MATERIAL FOR THIS TASK:
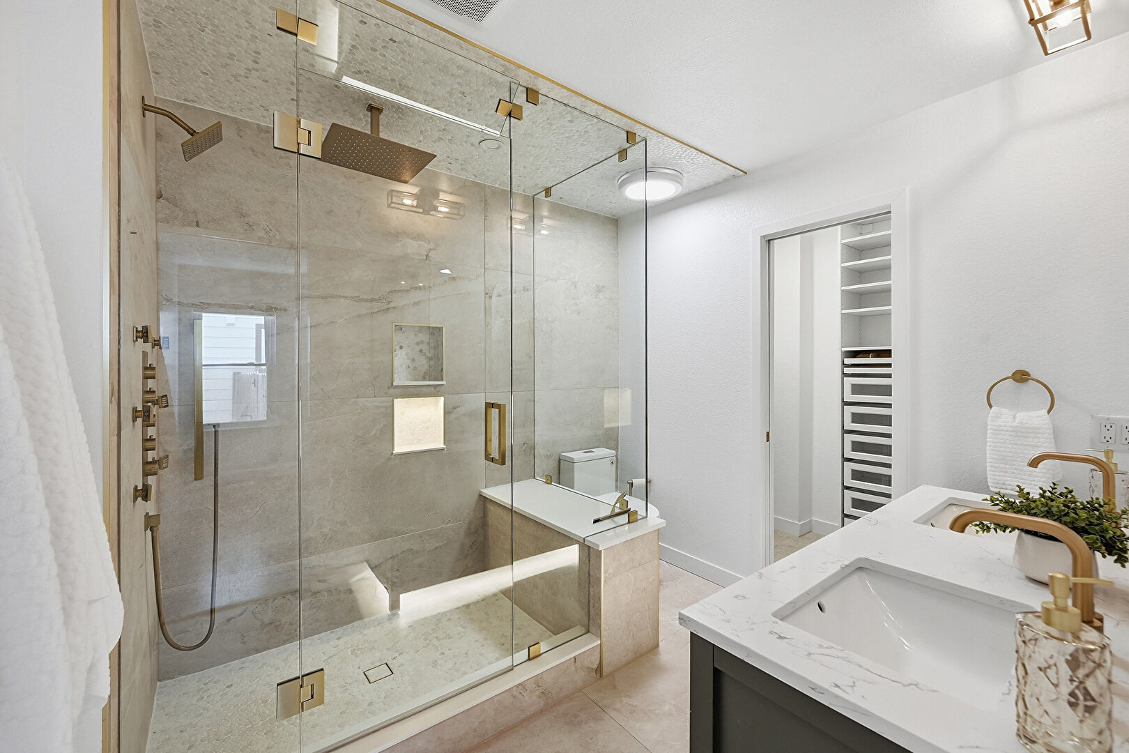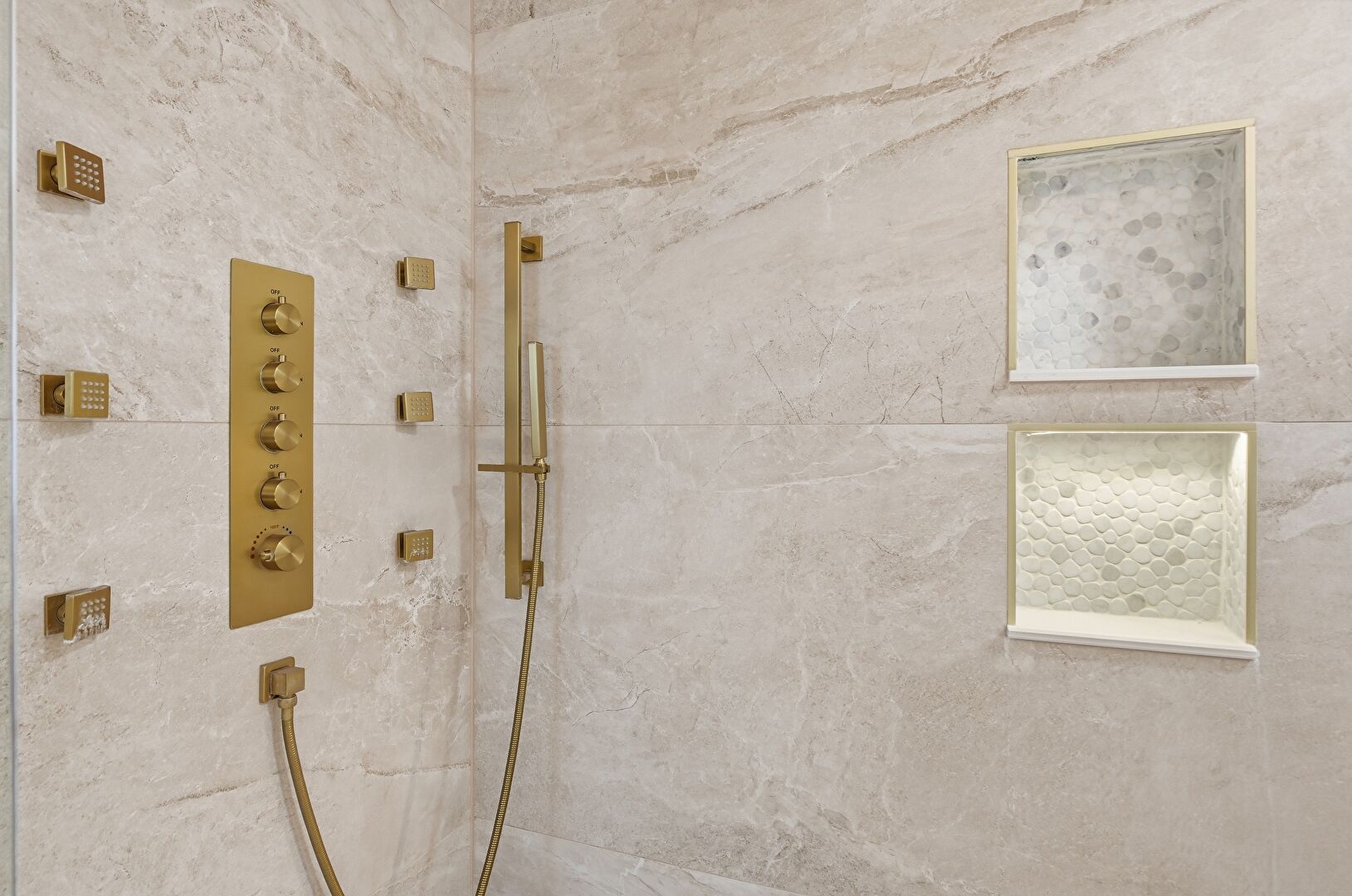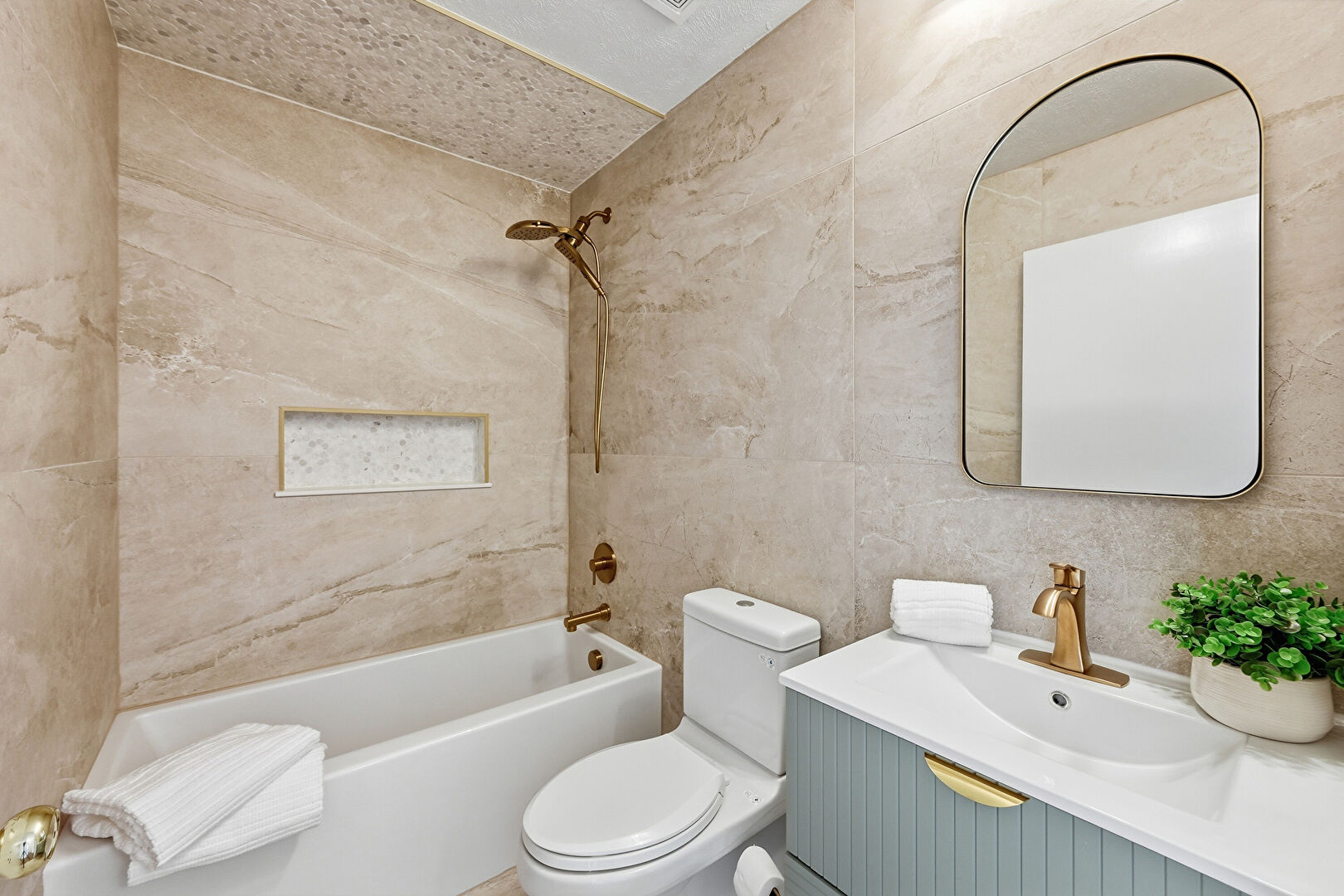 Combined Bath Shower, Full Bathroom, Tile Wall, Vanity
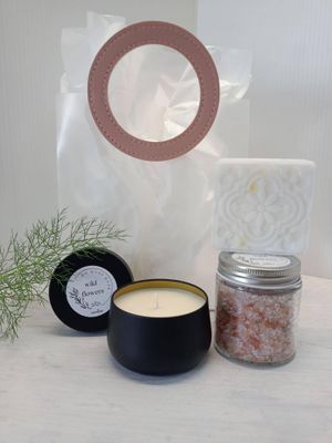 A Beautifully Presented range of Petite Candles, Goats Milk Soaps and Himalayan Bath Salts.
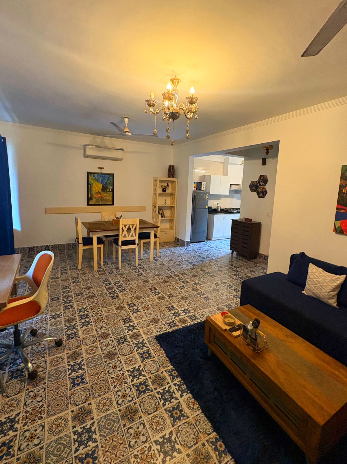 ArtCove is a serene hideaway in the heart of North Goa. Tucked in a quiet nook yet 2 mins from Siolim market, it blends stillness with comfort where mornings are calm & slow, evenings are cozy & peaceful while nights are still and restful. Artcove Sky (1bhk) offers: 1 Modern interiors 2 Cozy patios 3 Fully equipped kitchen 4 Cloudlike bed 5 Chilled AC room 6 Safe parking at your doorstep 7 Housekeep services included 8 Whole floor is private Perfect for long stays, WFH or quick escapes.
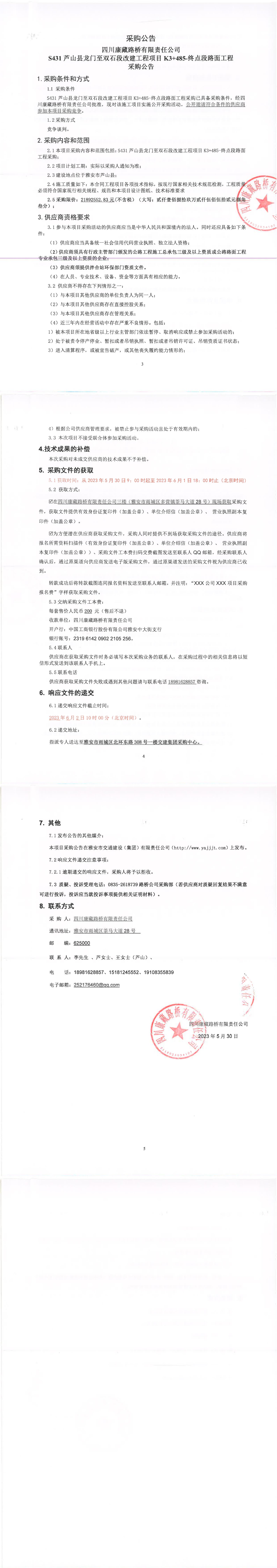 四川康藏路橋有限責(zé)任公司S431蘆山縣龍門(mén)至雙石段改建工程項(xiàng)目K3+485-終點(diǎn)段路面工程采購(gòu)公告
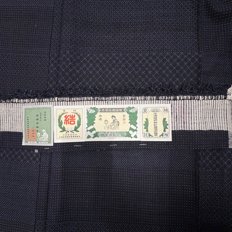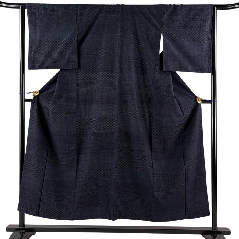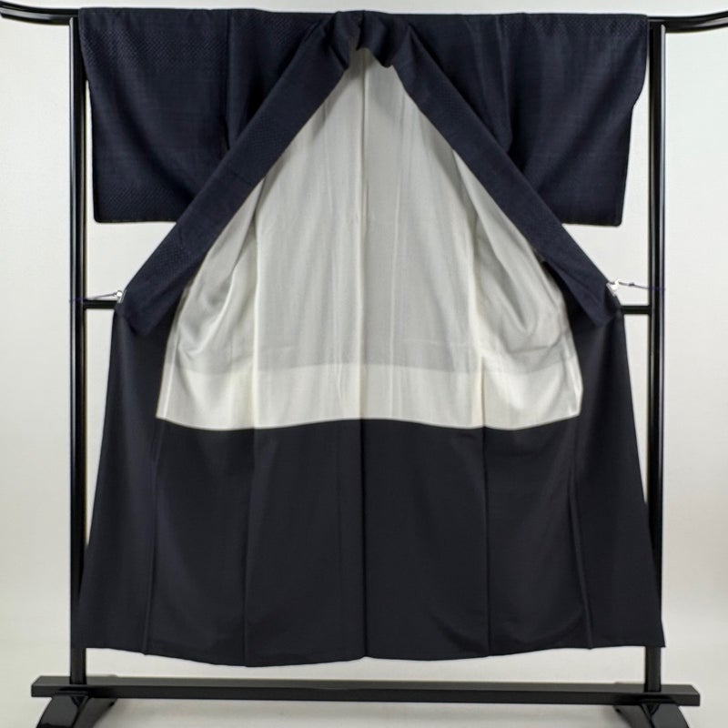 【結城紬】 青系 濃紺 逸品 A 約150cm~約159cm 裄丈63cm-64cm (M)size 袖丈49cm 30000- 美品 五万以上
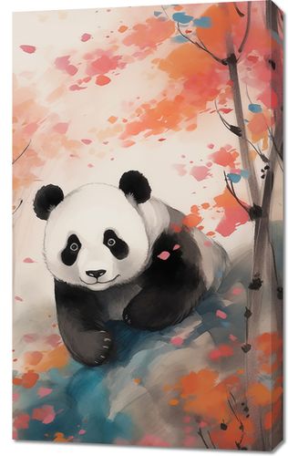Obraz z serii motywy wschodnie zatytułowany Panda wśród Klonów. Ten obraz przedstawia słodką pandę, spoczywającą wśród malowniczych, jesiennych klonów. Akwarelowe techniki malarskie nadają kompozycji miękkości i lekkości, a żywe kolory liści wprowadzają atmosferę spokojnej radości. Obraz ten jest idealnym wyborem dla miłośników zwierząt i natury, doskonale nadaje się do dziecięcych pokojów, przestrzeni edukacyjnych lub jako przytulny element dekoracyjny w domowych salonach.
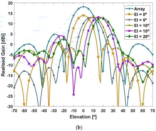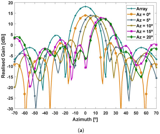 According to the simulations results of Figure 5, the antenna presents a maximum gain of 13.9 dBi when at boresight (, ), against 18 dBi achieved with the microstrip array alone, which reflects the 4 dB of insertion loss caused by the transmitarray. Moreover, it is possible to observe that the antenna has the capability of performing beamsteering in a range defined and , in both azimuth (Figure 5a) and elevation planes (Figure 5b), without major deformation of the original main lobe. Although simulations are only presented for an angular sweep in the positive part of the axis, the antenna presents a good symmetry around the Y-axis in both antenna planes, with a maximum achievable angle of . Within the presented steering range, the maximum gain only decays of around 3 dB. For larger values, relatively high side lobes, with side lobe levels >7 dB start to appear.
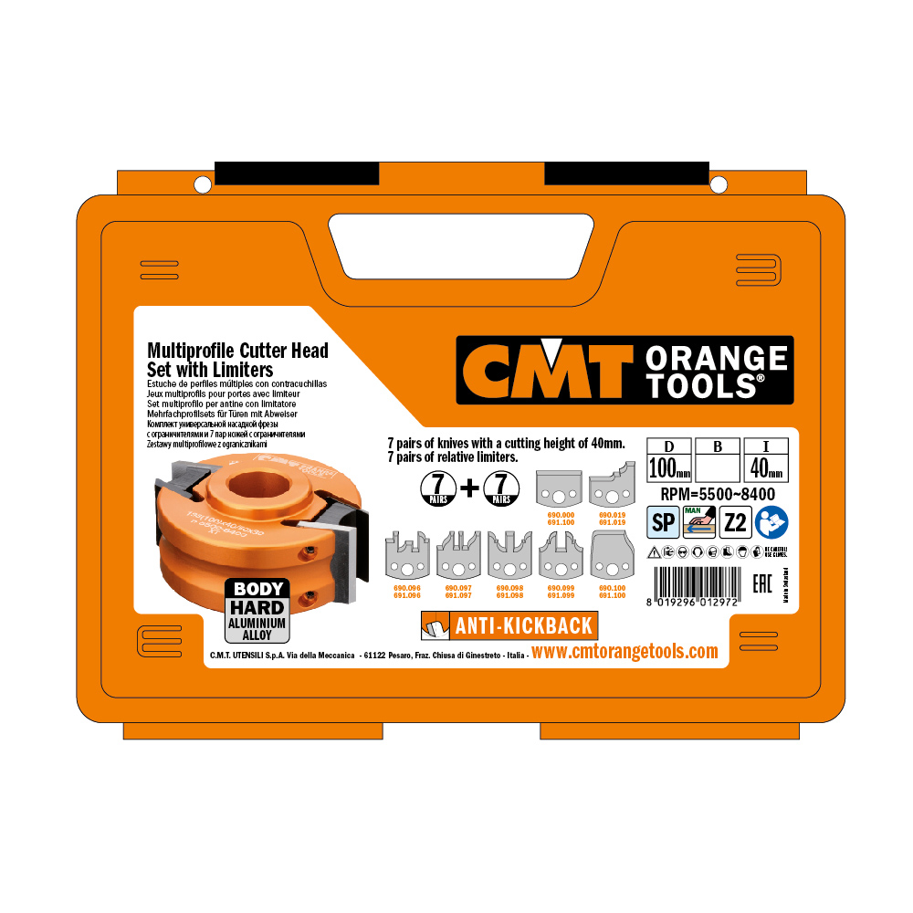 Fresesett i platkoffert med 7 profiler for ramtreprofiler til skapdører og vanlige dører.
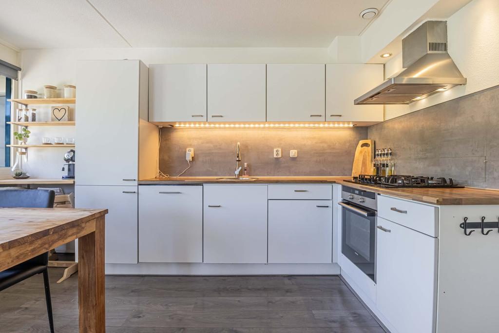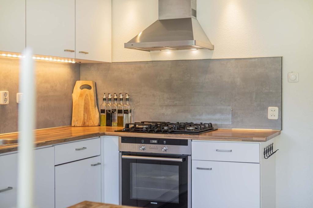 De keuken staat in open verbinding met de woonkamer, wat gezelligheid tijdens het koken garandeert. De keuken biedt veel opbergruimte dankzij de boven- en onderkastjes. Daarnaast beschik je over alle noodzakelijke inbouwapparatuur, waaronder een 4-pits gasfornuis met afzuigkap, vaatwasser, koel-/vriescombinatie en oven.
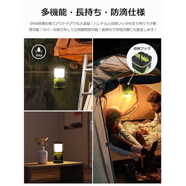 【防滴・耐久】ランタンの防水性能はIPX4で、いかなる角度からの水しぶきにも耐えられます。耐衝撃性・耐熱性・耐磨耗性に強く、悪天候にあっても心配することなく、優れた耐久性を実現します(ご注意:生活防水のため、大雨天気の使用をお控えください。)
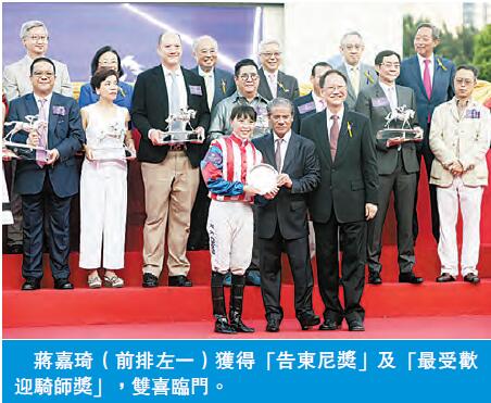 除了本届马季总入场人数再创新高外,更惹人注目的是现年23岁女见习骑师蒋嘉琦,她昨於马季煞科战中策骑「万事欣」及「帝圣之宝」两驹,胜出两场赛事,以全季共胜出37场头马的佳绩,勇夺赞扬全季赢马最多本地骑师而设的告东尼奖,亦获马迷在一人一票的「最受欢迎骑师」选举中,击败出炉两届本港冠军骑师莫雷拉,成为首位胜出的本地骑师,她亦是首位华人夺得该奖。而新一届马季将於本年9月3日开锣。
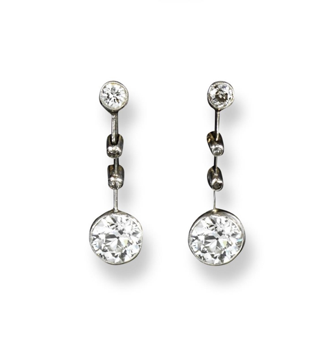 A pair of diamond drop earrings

WORK REQUIRED: Exactly as written, repeat the lines from the beginning of the entries up to and including the line with "A Beautifully Presented", but not the pictures.

SOLUTION TO THIS PROBLEM:
 Combined Bath Shower, Full Bathroom, Tile Wall, Vanity
 A Beautifully Presented range of Petite Candles, Goats Milk Soaps and Himalayan Bath Salts.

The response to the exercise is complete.